### Assigned task
The whole listing is to be restated word for word with no images.
+ + + + + + +
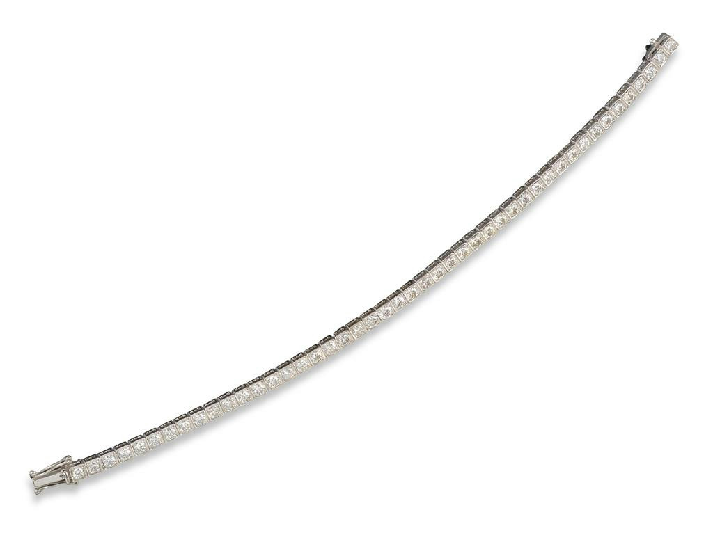 A diamond line bracelet, the circular cut diamonds weigh approximately 5.00cts in total and are millegrain set in white gold. 18cm long.
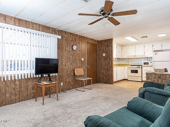 Quaint 1 bedroom 1 bathroom home located in the beautiful 55+ community of Casa Verde Estates. The community offers several amenities including a pool, spa, BBQ area and several activities. Home has new carpet in the living room and bedroom, fresh white painted cabinets, and an easy walk-in shower in the bathroom, Outside you have a large carport and covered porch to enjoy the Arizona winters.
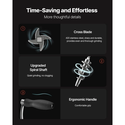 Easy to Clean: The detachable design allows all meat grinder parts to be cleaned in the dishwasher, making cleanup a breeze. After use, simply wipe dry and store for a tidy kitchen. Tip: Regularly apply edible oil to the blade to keep it sharp
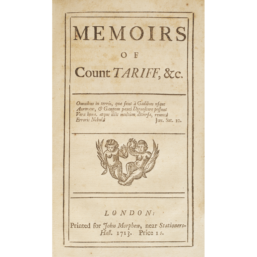 Defoe, Daniel, probable author. Memoirs of Count Tariff, &c. London: Printed for John Morphew, 1713. [Bound after:] The Honour and Prerogative of the Queen's Majesty vindicated and defended against the unexampled Insolence of the Author of the Guardian: in a Letter from a country Whig to Mr. Steele. London: for John Morphew, 1713. [bound with:] Passive Obedience establish'd; and Resistance confuted: by proving that the late, but too soon reviv'd Position, of affirming the supreme Power to be originally in the People, and in Kings but in Trust, and therefore accountable to the People... By a Gentleman of the City of Norwich. London: Printed, and are to be sold by J. Morphew, H. Clemens and F. Oliver in Norwich. 1713. [bound with:] Berkeley, John Memoirs of Sir John Berkley, containing an Account of his Negotiation with Lieutenant General Cromwel … for restoring King Charles the First to the Exercise of the Government of England. London: Printed by J. Darby for A. Baldwin, 1699. [bound with:] Mun, Thomas England's Treasure by foreign Trade; or, the Balance of our foreign trade is the Rule of our Treasure … London, Printed: and sold by J. Morphew, 1713. [bound with:] The Art of Lying and Rebelling, taught by the Whigs, in an infamous Libel, entitled the Judgment of whole Kingdoms and Nations, &c. Or, a Detection of many notorious Falsehoods and palpable Forgeries contain'd in that vile Pamphlet. London, Printed: and sold by J. Morphew, 1713; 6 works in one volume, First editions apart from Mun, contemporary limp vellum, spine lettered by hand, library stamp of D.F. Pozzolini, paper generally somewhat browned, a little occasional soiling
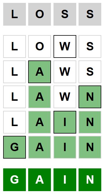 The starter word for the Weaver puzzle released today, October 1st 2025, is ‘LOSS‘ and the end word is ‘GAIN‘.
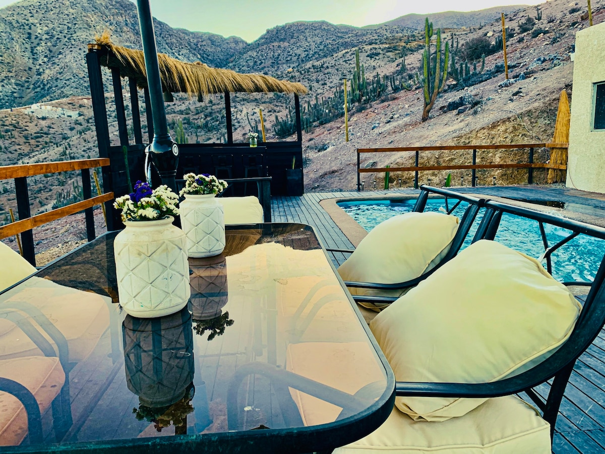 Waking up with the first rays of the sun and the sound of the birds greeting us in the morning. Listening to the sound of the wind swaying the imposing cacti that, like guardians, protect the house, warning us that the time to set the sails has arrived. The hills surrounding the vast valley invite us to reflect, along with the most beautiful sunsets in this corner of the world. When night falls, the clear skies allow us to appreciate the vastness of the heavens. Hot tub (NO additional charge).
+ + + + + + +
### The answer
 A diamond line bracelet, the circular cut diamonds weigh approximately 5.00cts in total and are millegrain set in white gold. 18cm long.
 Quaint 1 bedroom 1 bathroom home located in the beautiful 55+ community of Casa Verde Estates. The community offers several amenities including a pool, spa, BBQ area and several activities. Home has new carpet in the living room and bedroom, fresh white painted cabinets, and an easy walk-in shower in the bathroom, Outside you have a large carport and covered porch to enjoy the Arizona winters.
 Easy to Clean: The detachable design allows all meat grinder parts to be cleaned in the dishwasher, making cleanup a breeze. After use, simply wipe dry and store for a tidy kitchen. Tip: Regularly apply edible oil to the blade to keep it sharp
 Defoe, Daniel, probable author. Memoirs of Count Tariff, &c. London: Printed for John Morphew, 1713. [Bound after:] The Honour and Prerogative of the Queen's Majesty vindicated and defended against the unexampled Insolence of the Author of the Guardian: in a Letter from a country Whig to Mr. Steele. London: for John Morphew, 1713. [bound with:] Passive Obedience establish'd; and Resistance confuted: by proving that the late, but too soon reviv'd Position, of affirming the supreme Power to be originally in the People, and in Kings but in Trust, and therefore accountable to the People... By a Gentleman of the City of Norwich. London: Printed, and are to be sold by J. Morphew, H. Clemens and F. Oliver in Norwich. 1713. [bound with:] Berkeley, John Memoirs of Sir John Berkley, containing an Account of his Negotiation with Lieutenant General Cromwel … for restoring King Charles the First to the Exercise of the Government of England. London: Printed by J. Darby for A. Baldwin, 1699. [bound with:] Mun, Thomas England's Treasure by foreign Trade; or, the Balance of our foreign trade is the Rule of our Treasure … London, Printed: and sold by J. Morphew, 1713. [bound with:] The Art of Lying and Rebelling, taught by the Whigs, in an infamous Libel, entitled the Judgment of whole Kingdoms and Nations, &c. Or, a Detection of many notorious Falsehoods and palpable Forgeries contain'd in that vile Pamphlet. London, Printed: and sold by J. Morphew, 1713; 6 works in one volume, First editions apart from Mun, contemporary limp vellum, spine lettered by hand, library stamp of D.F. Pozzolini, paper generally somewhat browned, a little occasional soiling
 The starter word for the Weaver puzzle released today, October 1st 2025, is ‘LOSS‘ and the end word is ‘GAIN‘.
 Waking up with the first rays of the sun and the sound of the birds greeting us in the morning. Listening to the sound of the wind swaying the imposing cacti that, like guardians, protect the house, warning us that the time to set the sails has arrived. The hills surrounding the vast valley invite us to reflect, along with the most beautiful sunsets in this corner of the world. When night falls, the clear skies allow us to appreciate the vastness of the heavens. Hot tub (NO additional charge).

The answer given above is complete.